The most unusual aspect of my background is probably that I exposed myself to a huge variety of techniques, avidly applying whatever I could get my hands on to the question I was tackling at the time. And that I further exposed myself to a variety of career tracks related to science, including biotech industry, medicine, outreach, science journalism, science illustration, and education development. I think this all prepared me very well for the multifaceted job of a core facility director, where I must be highly familiar with literally hundreds of pieces of equipment and dozens of projects I help apply them towards.

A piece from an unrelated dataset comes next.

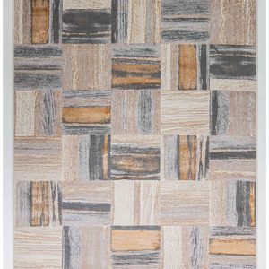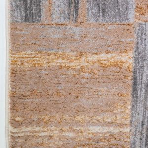 Transforma tu hogar con este tapete de diseño moderno. Sus bloques en tonos beige, café y gris oscuro le darán un toque único a tu espacio. ¡Ideal para renovar tu sala o recámara!
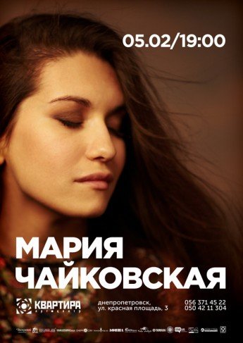 Мария Чайковская - украинская певица, пианистка, автор-исполнитель песен, из которых многие стали интернет-хитами "Не уходи", "Мосты", "Пистолеты и розы", "Забери меня", "В городе остывших морей", "В комнате цветных пелерин", "Нитью", "Лифты", "Ева", "Душа", "Крила"

I was asked to include my "successes in scientific research" and my first instinct was to say that I am still alive. But as I mull over it, I am shocked with the accomplishments that my 15 years of toil in science research has yielded. By the time I got my bachelor's degree, I had a first author paper in a top journal and a poster prize and travel award from presenting my work to an international audience, by the time I got my PhD I was on the cover of a journal and writing a book chapter, by the time I finished my first post-doc I had received my first grant as well as a prize for an oral presentation that came with hard cash, and by the time I finished my second post-doc I had been flown to Europe to present supercomplex structures from the first interactome of intact mitochondria and I had accumulated 20 peer-reviewed publications.

Most shockingly, I just realized that I have accomplished one of the first things I set out to do, when I started in biochemistry: to observe molecular activities in their physiological context.